More details will be explained here. Until then, you can take a look at gencode module's gencode.py to know more.

Converter

The essential function for converter modules is convert_line. A typical converter module will be structured as follows.

...
class Converter(BaseConverter):
    ...
    def convert_line(self, l):
        ...

More will be explained later.

Postaggregator

The essential function for postaggregator modules is annotate. A typical postaggregator module will be structured as follows.

...
class Postaggregator(BasePostaggregator):
    ...
    def annotate(self, input_data):
        ...

More will be explained later.

Dependency control

Module dependency

An OakVar module can depend on other OakVar modules for it to properly function. Let's say module annotator1 uses the output of annotator2 and annotator3 as its input. For annotator1 to properly function, annotator2 and annotator3 should be already installed. This installation requirement is specified in the config file of annotator1 (annotator1.yml) as the following:

requires:
- annotator2
- annotator3

With this in place, when annotator1 is installed with ov module install annotator1, the two dependency modules also will be installed automatically, if not already present in the system.

As mentioned, annotator1 uses the output of annotator2 and annotator3 as its input. This dependency should be defined in annotator1.yml as the following.

secondary_inputs:
  annotator2: {}
  annotator3: {}

With this simple definition, the output of annotate2 and annotate3 will be available as secondary_data variable to the annotate function of annotate1 module. For example,

def annotate(self, input_data, secondary_data=None):
...

of annotate1.py will have secondary_data["annotate2"] and secondary_data["annotate3"] available. If annotate2.yml has the following output column definition,

output_columns:
- name: value1
  title: Value 1
  type: string
- name: value2
  title: Value 2
  type: string

annotate1's annotate function will be able to access those with secondary_data["annotator2"]["value1"] and secondary_data["annotator2"]["value2"]".

Finer control of secondary input is possible as follows.

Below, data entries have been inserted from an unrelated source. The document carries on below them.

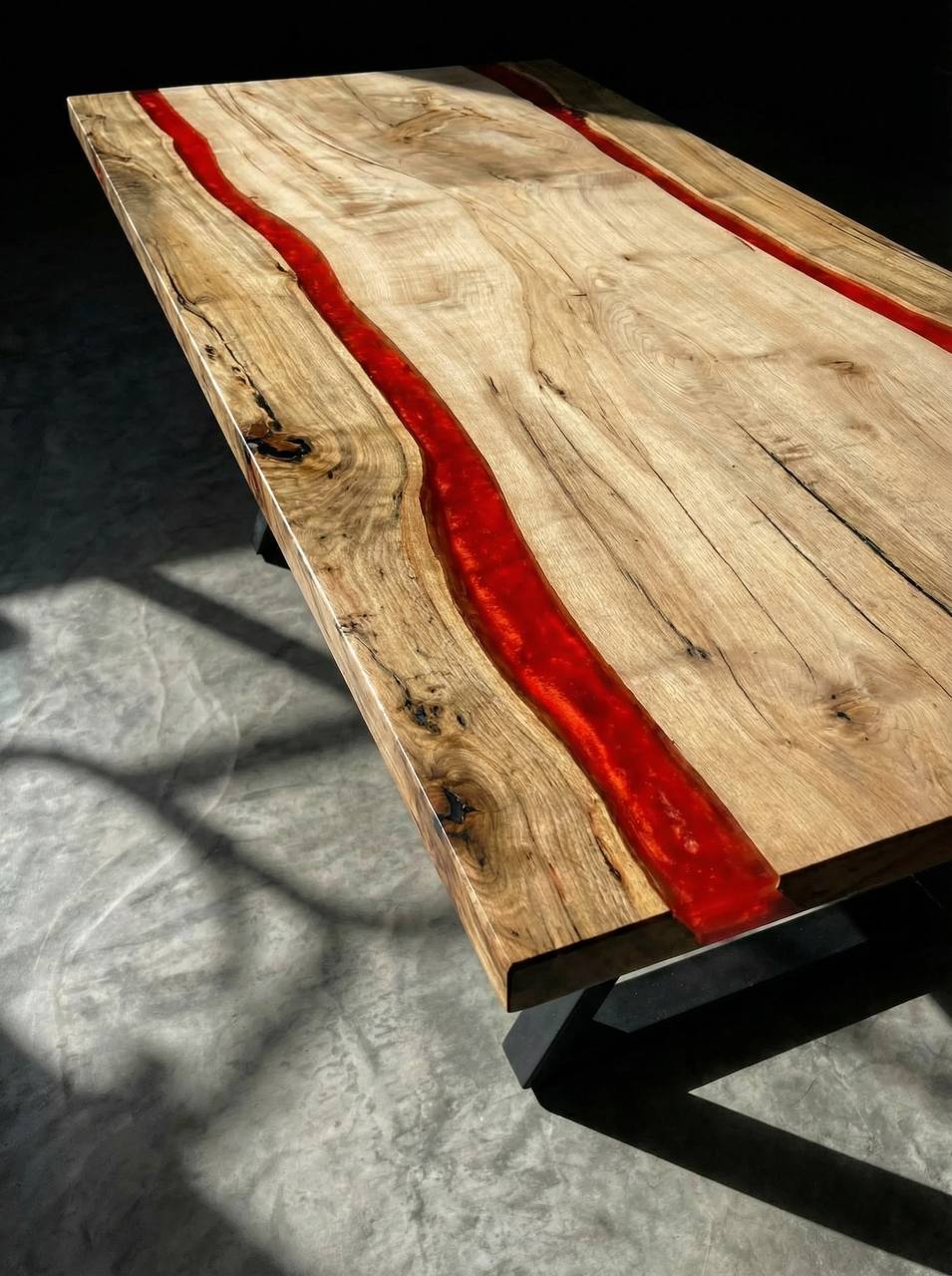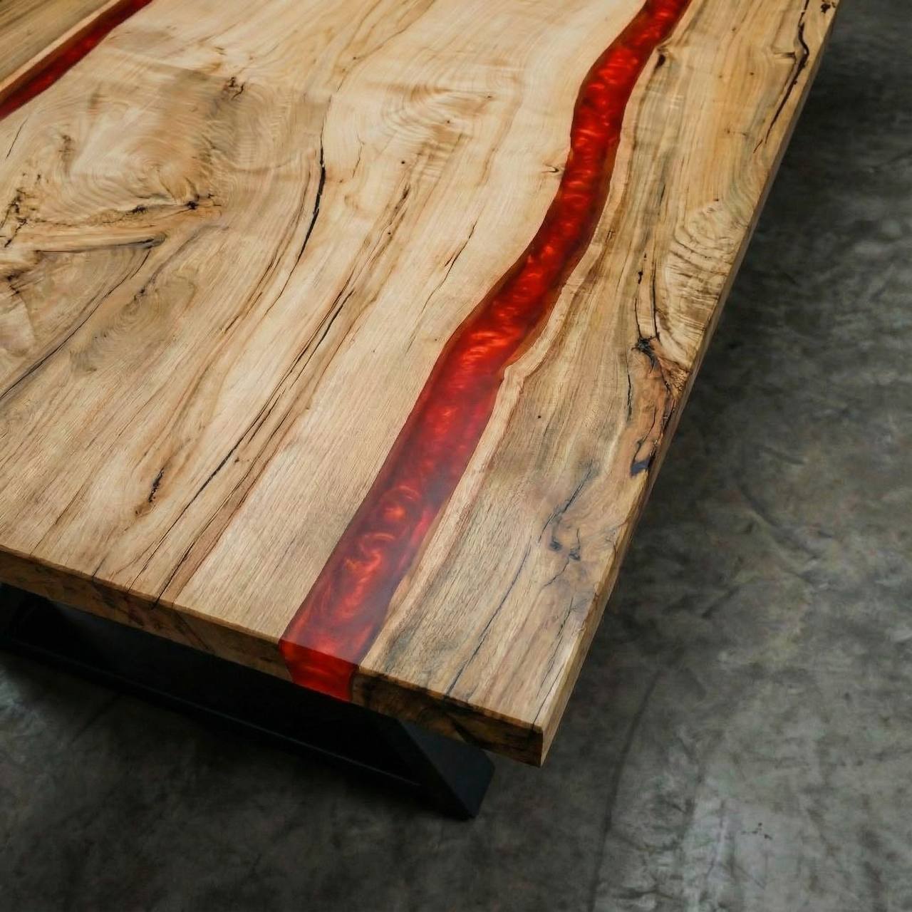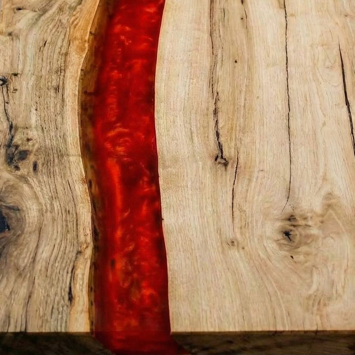Главный герой вашей гостиной! Натуральный слэб дерева по краям сменяется двумя полосами красной эпоксидной смолы, которые обрамляют нетронутый центр стола из чистого массива. Уникальное сочетание брутальной природной фактуры по бокам, яркого акцента в виде смолы и спокойной древесины в середине. Каждый экземпляр неповторим!
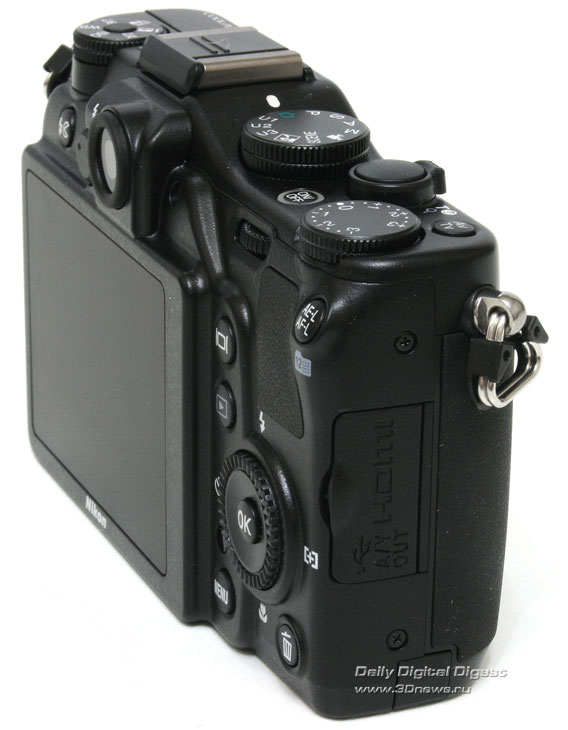 Сзади, кроме большого 3-дюймового экрана, расположено довольно много органов управления. Над дисплеем находятся видоискатель с небольшим круглым, но не самым удобным наглазником с регулятором диоптрий, а также клавиша выброса встроенной вспышки. Правее дисплея расположились диск изменения параметров, клавиша блокировки экспозиции и фокусировки, клавиша смены режима отображения и она же - клавиша отключения дисплея, круглый многофункциональный джойстик с клавишей ввода по центру и вращающимся ободком, который используется не только для быстрой навигации в меню, но и для управления диафрагмой. Тут же находится тыльный ИК-приёмник, клавиша входа в основное меню и клавиша удаления снимков.
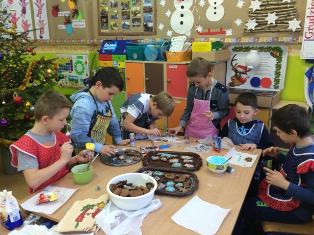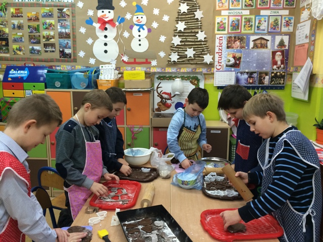 Przez cały adwent przygotowujemy się do Świąt Bożegonarodzenia. Jednym ze zwyczajów bożonarodzeniowych jest pieczenie pierników. 18 grudnia b.r. klasa II piekła pierniki. Mama Ady przygotowała na tę okoliczność ciasto piernikowe. Najpierw przygotowaliśmy stanowiska pracy dla chłopców i dziewczynek. Każda grupa otrzymała ciasto, które rozwałkowała, a następnie różnymi foremkami wykrawała pierniki. Po upieczeniu, pierniki zostały polukrowane i ozdobione. Wszyscy pięknie pracowali,
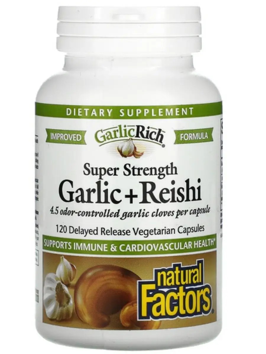 Чеснок Рич Супер Сильный Чеснок + Рейши, GarlicRich Super Strength Garlic Reishi, Natural Factors 120 вегетарианских капсул суперсила чеснока рейши с отсроченным высвобождением .Пищевая добавка.
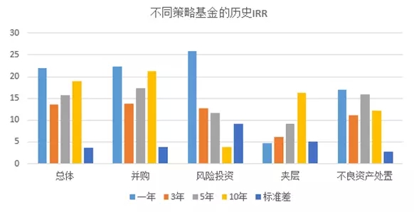 根据专业机构统计,在一年、三年、五年、十年的投资周期内,全球不良资产基金的内部收益率在各类策略基金中最为稳定,年化收益在11%-16%之间波动,标准差仅为2.8%,是所有类型基金中最低的。
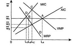 Фирма-монопсонист нанимает меньшее количество работников (Lc) в сравнении с точкой равновесия и на совершенно конкурентном рынке ресурсов (LA) выплачивает им более низкую заработную плату (w2 < < W1). На рынке ресурсов производства с совершенной конкуренцией точка равновесия устанавливается там, где доход от предельного продукта ресурса сравнивается с его ценой.
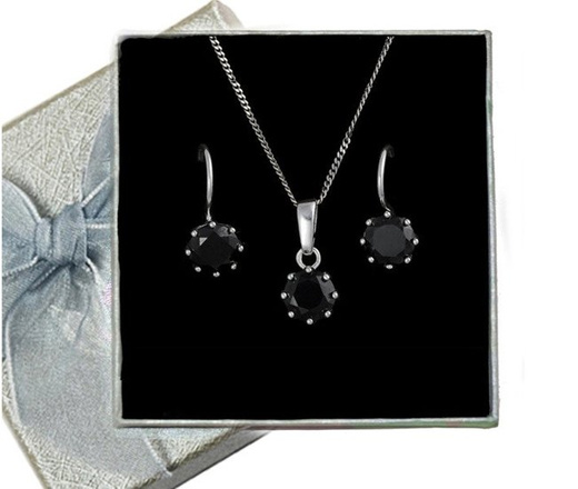 480/135 komplet srebrny z czarnymi cyrkoniami
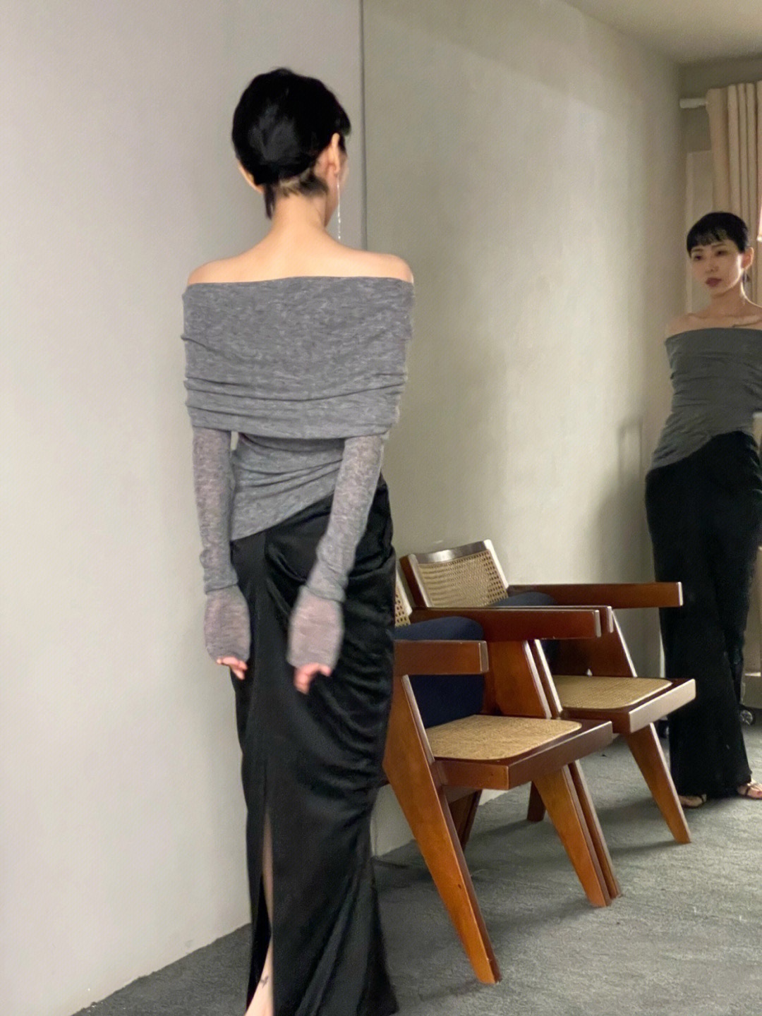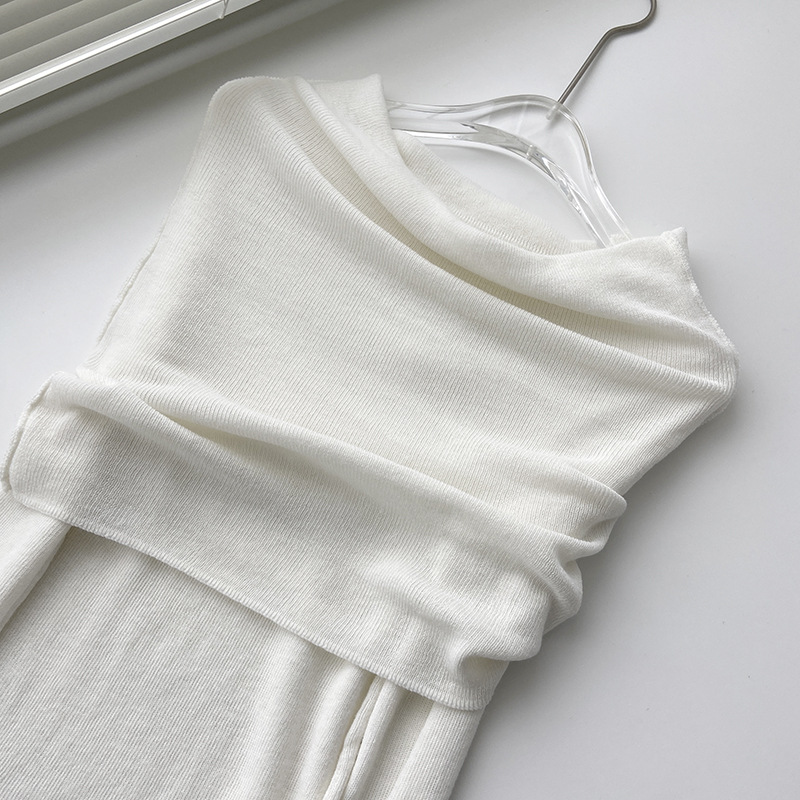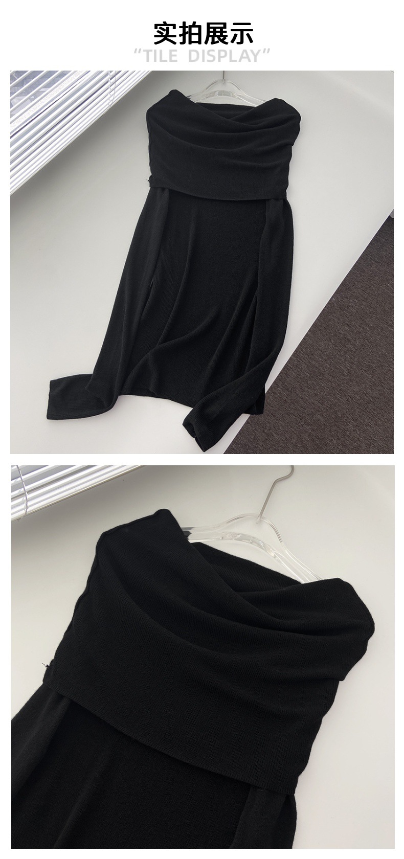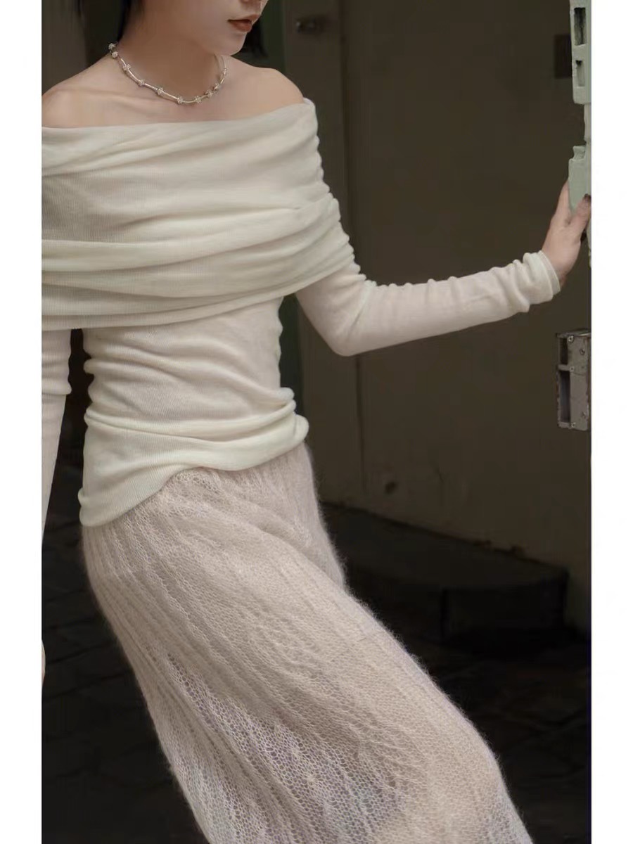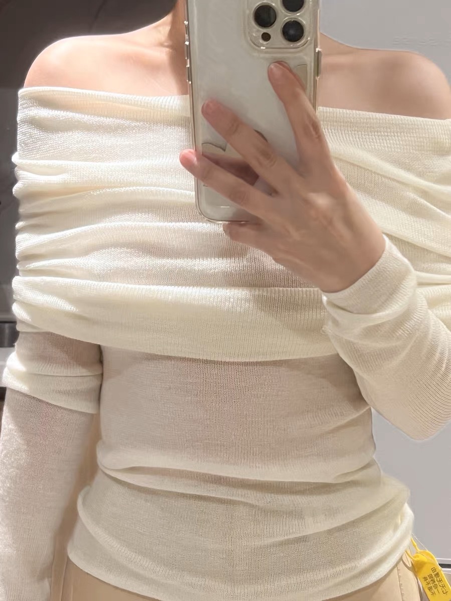 纯欲软糯的针织一字肩上衣

For example, the following in annotate1.yml

secondary_inputs:
  annotator2:
    match_columns:
      primary: uid
      secondary: uid
    use_columns:
      - value1

will mean that annotator2 output will be available as secondary_data["annotator2"] to the annotate function of annotator1, that for each variant, the uid field in the output by annotator2 and the uid field in input_data to the annotate function of annotator1 will be match to find the correct secondary_data for the variant to the function, and that only value1 field will be available to the function.

PyPI dependency

If an OakVar module needs packages from PyPI, such requirement can be specified in the module's yml file. For example, if annotator1's annotator1.yml has the following,

pypi_dependencies:
- numpy

ov module install annotator1 will automatically perform pip install numpy while installing annotate1 module.